> Exercise:
Give the data below again exactly as written, but without the pictures.

> Information supplied:
#####
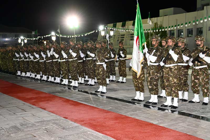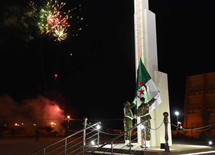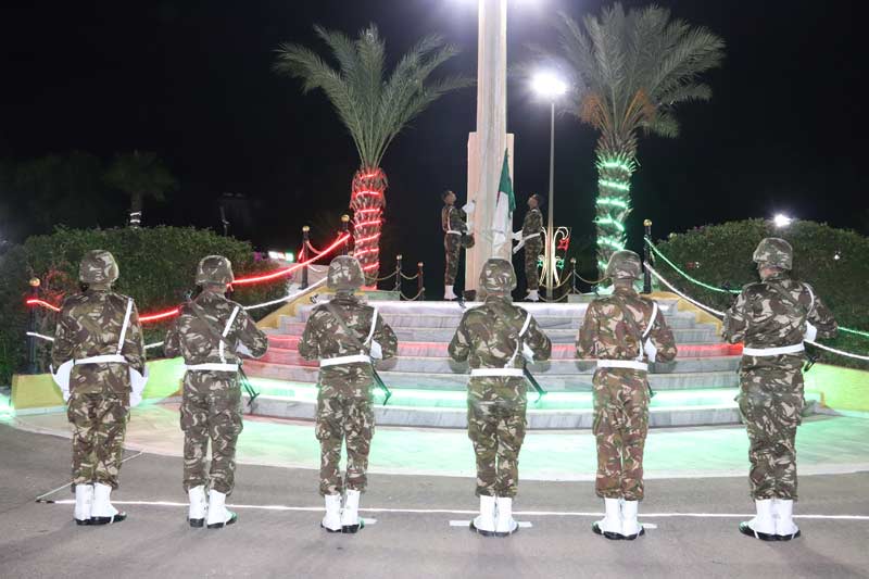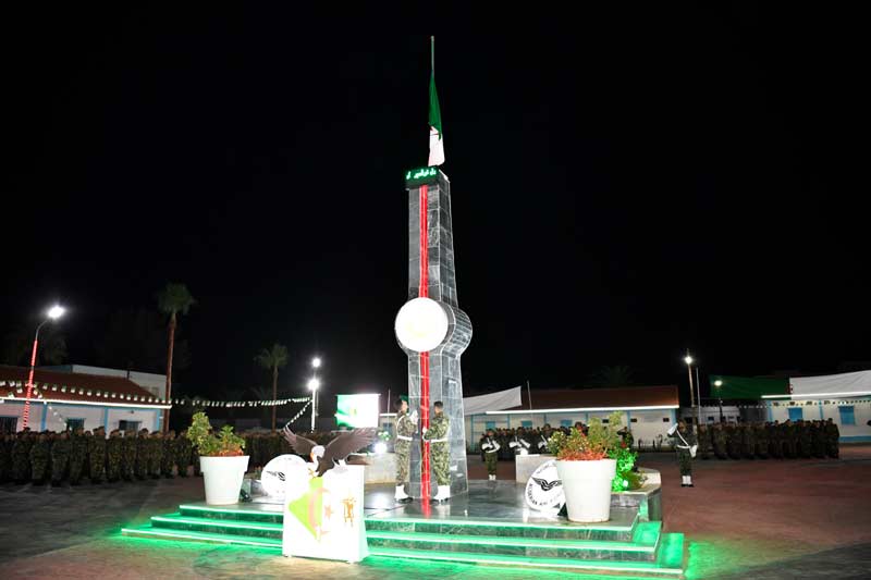 في إطار الاحتفالات المخلدة للذكرى الواحدة والسبعين (71) لاندلاع ثورة الفاتح نوفمبر المجيدة 1954، عرفت كل الهياكل والوحدات التابعة للجيش الوطني الشعبي على غرار مقرات قيادات القوات والنواحي العسكرية، تنظيم تجمعات للمستخدمين ليلة الفاتح من نوفمبر 2025 على الساعة صفر، حيث تم رفع العلم الوطني والوقوف دقيقة صمت ترحما على أرواح شهدائنا الأبرار، وقراءة الأمر اليومي للسيد الفريق أول الوزير المنتدب لدى وزير الدفاع الوطني رئيس أركان الجيش الوطني الشعبي.
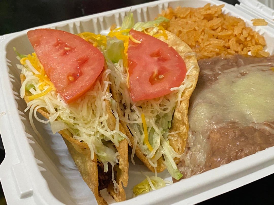 Al Pastor & the California Classic #2 crispy shredded beef w/ cold tomato and cheddar cheese.
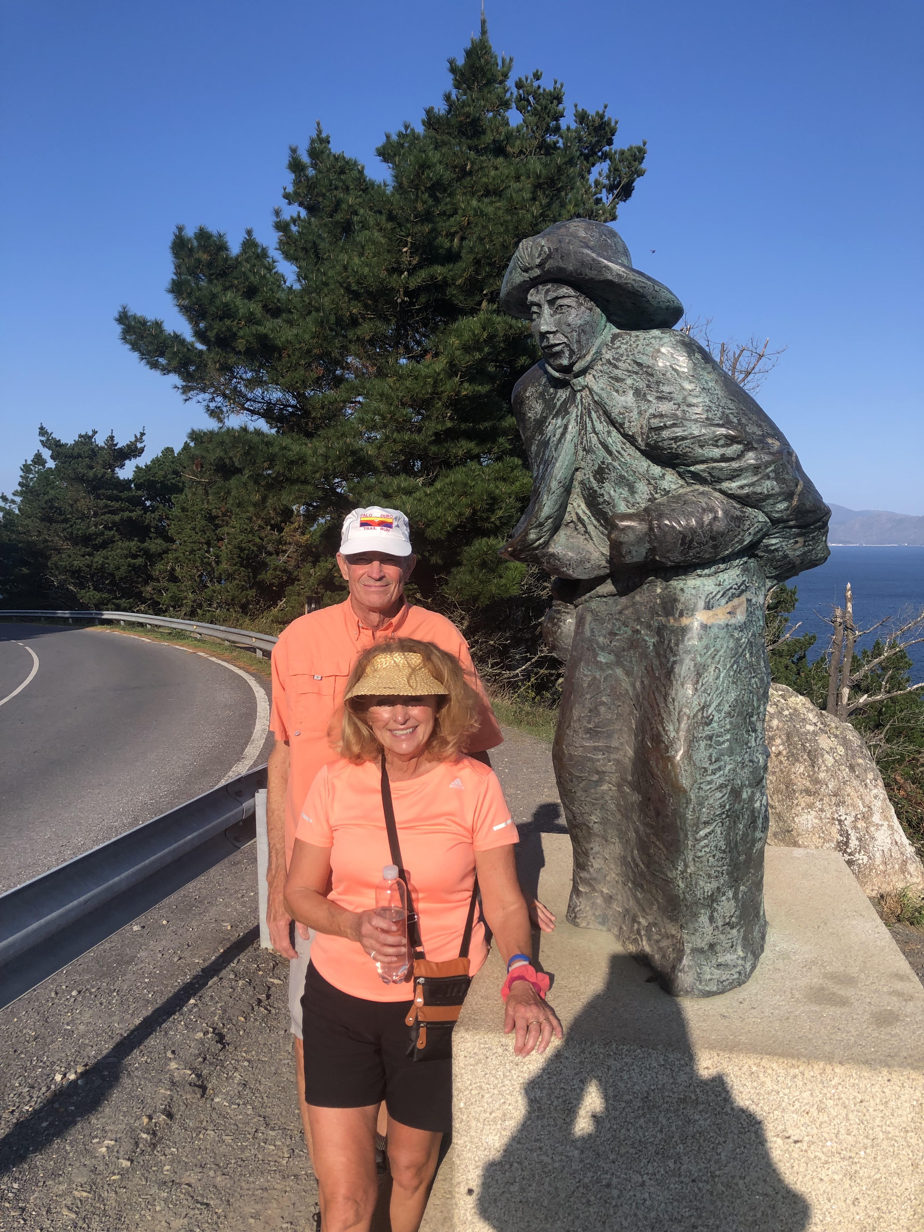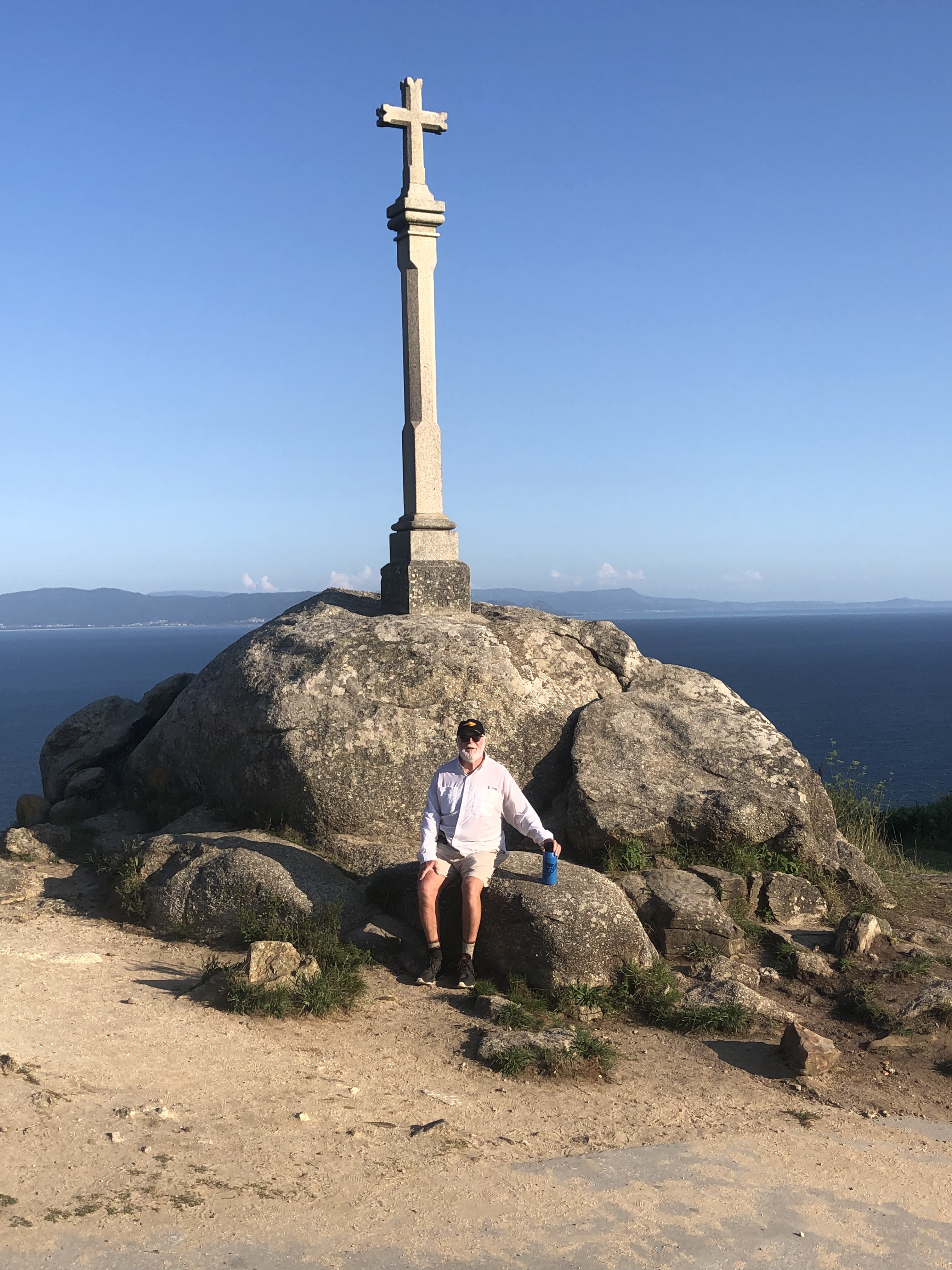 We finished our walk into Fisterra this afternoon but that leaves 3 Km left to get to the lighthouse (El Faro). So this evening we did the walk up the final hill to stand on Km 0.000 and take a few more pictures. Not to do so would be like departing the Opera before the proverbial Fat Lady Sings. Photos are of this evening’s trecking up to the end of Cape Fisterra which has been through history called Costa de la Morte or the coast of death. This is true due to the large number of shipwrecks here and I certainly hope is has nothing to do with pilgrims who walked there.
#####
> Result of this exercise:
 في إطار الاحتفالات المخلدة للذكرى الواحدة والسبعين (71) لاندلاع ثورة الفاتح نوفمبر المجيدة 1954، عرفت كل الهياكل والوحدات التابعة للجيش الوطني الشعبي على غرار مقرات قيادات القوات والنواحي العسكرية، تنظيم تجمعات للمستخدمين ليلة الفاتح من نوفمبر 2025 على الساعة صفر، حيث تم رفع العلم الوطني والوقوف دقيقة صمت ترحما على أرواح شهدائنا الأبرار، وقراءة الأمر اليومي للسيد الفريق أول الوزير المنتدب لدى وزير الدفاع الوطني رئيس أركان الجيش الوطني الشعبي.
 Al Pastor & the California Classic #2 crispy shredded beef w/ cold tomato and cheddar cheese.
 We finished our walk into Fisterra this afternoon but that leaves 3 Km left to get to the lighthouse (El Faro). So this evening we did the walk up the final hill to stand on Km 0.000 and take a few more pictures. Not to do so would be like departing the Opera before the proverbial Fat Lady Sings. Photos are of this evening’s trecking up to the end of Cape Fisterra which has been through history called Costa de la Morte or the coast of death. This is true due to the large number of shipwrecks here and I certainly hope is has nothing to do with pilgrims who walked there.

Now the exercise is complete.